I had a yote hunter running a hound on my propery last Sunday without permission, I confronted the Hunter and he said it was legal!...Whats the answer according to Michigan law?...Deltabullcan


----------



## bigcountrysg (Oct 9, 2006)

It is illegal. A person hunting with a dog has to have permission to hunt on someone elses property. The only time the hunter can go onto someone elses property is to retrieve a dog that got away from them. How ever during the retrieval of the dog they can not be hunting. Added : Or Possess a firearm.


----------



## Petronius (Oct 13, 2010)

Exactly as just stated. And, if you tell the person retrieving the dog to stay off your property, they will be trespassing the next time.


----------



## lewy149 (Apr 19, 2007)

Sad some spoil it for everyone.


----------



## DFJISH (Mar 30, 2009)

I hunt (call) coyotes on lots of private lands where I spent a lot of time knocking on doors to get permission to do so. There are at least 2 groups of hunters with hounds who run their dogs over those properties, *and they don't have permission* on any of the same lands I do. They have been caught and told to stay out _several times_, but just keep coming back. It's a given that coyotes run where they choose and dogs can't read signs, so trespassing WILL occur. It seems inevitable that there is going to be a ticket given if the property owners ever decide to put some bit in their bark. It's too bad that the trespassing continues. I think in view of "modern times" guys hunting coyotes with hounds are killing their own sport because of their constant trespassing.


----------



## foxriver6 (Oct 23, 2007)

Deltabullcan said:


> I had a yote hunter running a hound on my propery last Sunday without permission, I confronted the Hunter and he said it was legal!...Whats the answer according to Michigan law?...Deltabullcan


Two points

1) For the recreational trespass law to apply, your property must be enclosed agricultural, posted or maintained to discourage trespass. In this case houndsmen may not intentionally run hounds on your property. They are allowed to come on your property "unarmed" to retrieve their hounds unless you previously notified them to stay off your property.
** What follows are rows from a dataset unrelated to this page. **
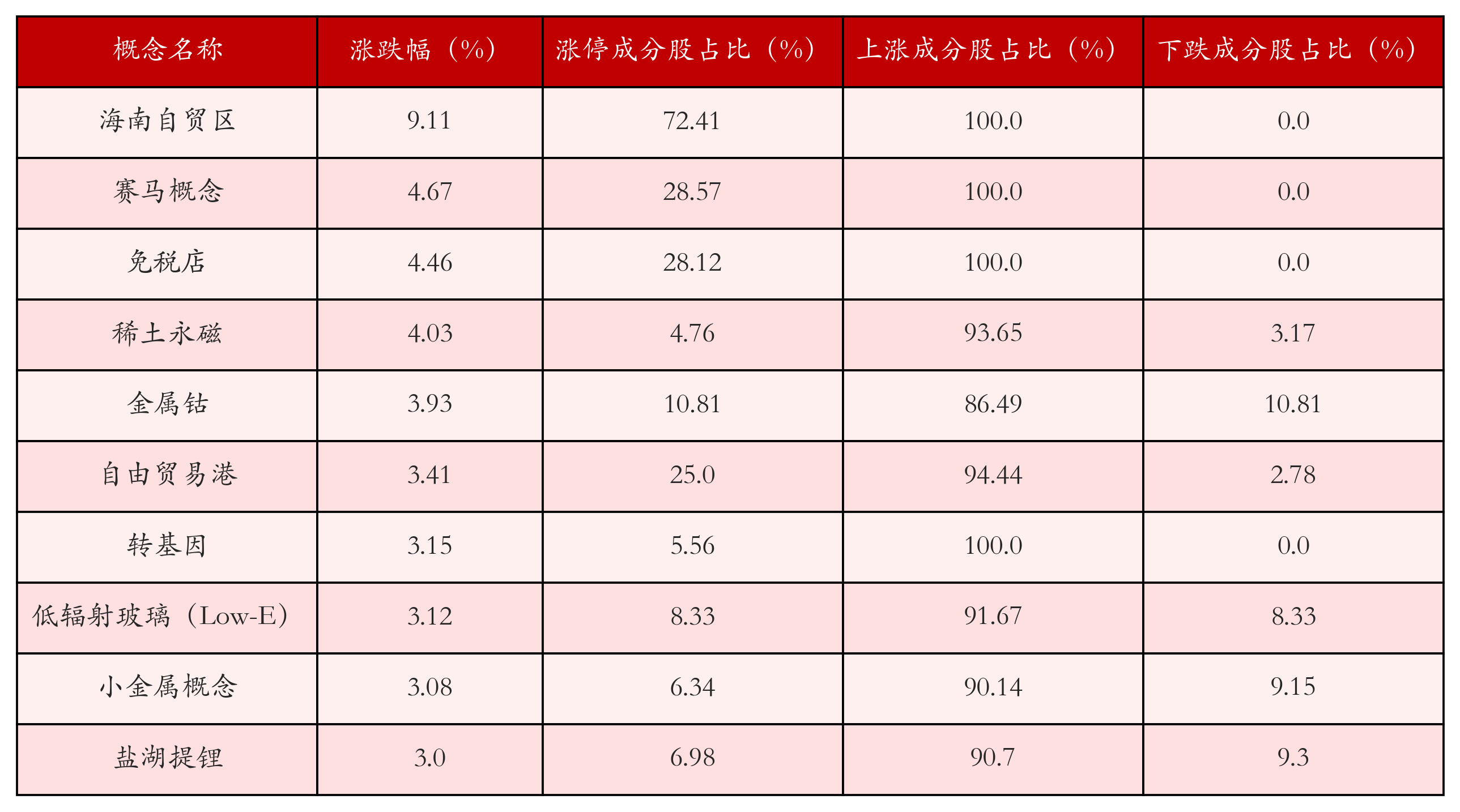 根据A股概念涨跌幅与所对应的股票池综合分析,涨幅靠前的三个概念板块分别为:海南自贸区、赛马概念与免税店。排名前10位的概念板块相关数据见下表:
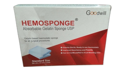 Hemosponge is sterile, gelatin based foam, intended for application to bleeding surface as hemostatis during surgery. It is fast, safe and effective haemostatic sponge having well established clinical safety profile. It effectively stops all kind of oozing blood, faster than natural clotting process. HEMOSPONGE is manufactured from highly purified gelatin (collagen derived protein). It is biodegradable (metabolised by proteoytic enzymes) and completely absorb in body within 4-6 weeks. The product is gamma sterilized. For detailed uses, mechanism of action, precautions, contraindications.
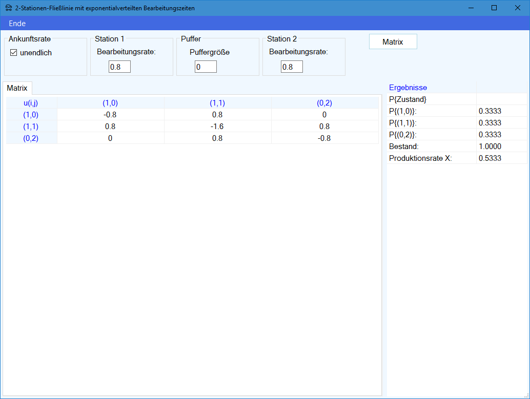 Analyse eines 2-Stationen-Systems mit begrenztem Puffer, erste Station niemals leer
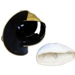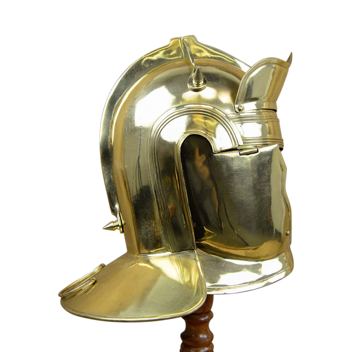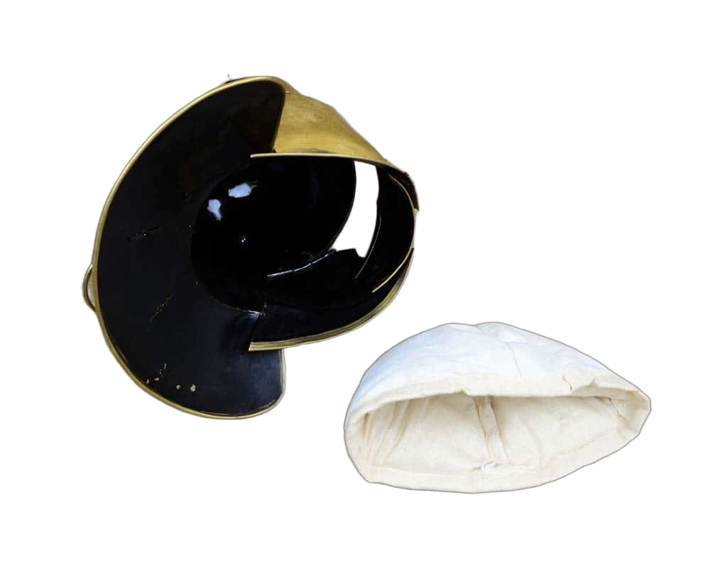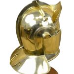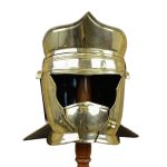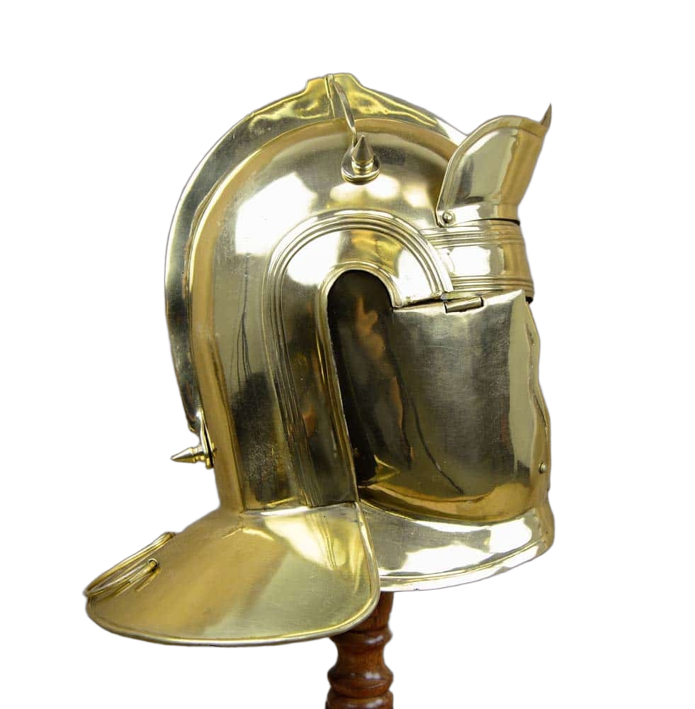 This Roman Auxiliary Cavalry Helm is constructed from 18 gauge brass the interior of the helm is unlined. The cheekplates are hinged and the chin plate is secured with a rotating brass pin. The helm comes with a simple padded arming cap.
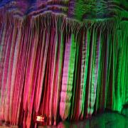 水晶宫是一个晶莹剔透的世界。这里就像一个无比宽敞的艺术迷宫,金碧辉煌,四通八达,可容几万人。仰望洞内顶倒挂着的水晶钟乳石,如宫灯五彩缤纷,如宝剑寒光四射,如神塔银光闪闪,如彩虹飞架苍空,如北斗众星拱月,如牛郞织女鹊桥相会,如齐天大圣云端翻腾……环视洞内,四处水晶钟乳罗列,有如石林胜境。其中,有龙盘虎踞石城,有李白举杯邀明月吟诗,有嫦娥舒袖奔月,有三姐歌台对歌,有神佛修身养性……千姿百态,栩栩如生,此乃天下第一奇观。慢慢观赏,细细品味,你会领悟:艺术的魅力在于自然,而山水之奇妙却在于气韵天成的艺术。
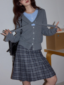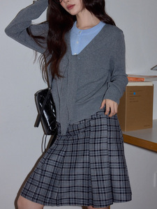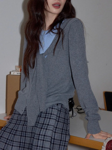 灰色假两件长袖针织衫女士薄款2025新款高级感上衣早秋氛围感穿搭
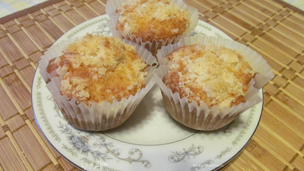 - Шаг 2Теперь посыпем сверху уже приготовленым штрейзелем, примерно, по 1 чайной ложке на каждый кекс, но использовать нужно весь штрейзель. Теперь ставим в разогретую духовку на 30 минут, затем вынимаем, даем остыть минут 10, и можно снимать пробу.

If you told them verbally or in writing to stay off your property, they may not come on your property for any reason to include retrieving their hounds.

2) Common law trespass applies and you may "sue" them.

Recreational Trespass:
http://www.legislature.mi.gov/(S(pg...t&objectName=mcl-324-73102&highlight=trespass

Criminal Trespass:
http://www.legislature.mi.gov/(S(pg...tname=mcl-750-552&query=on&highlight=trespass


----------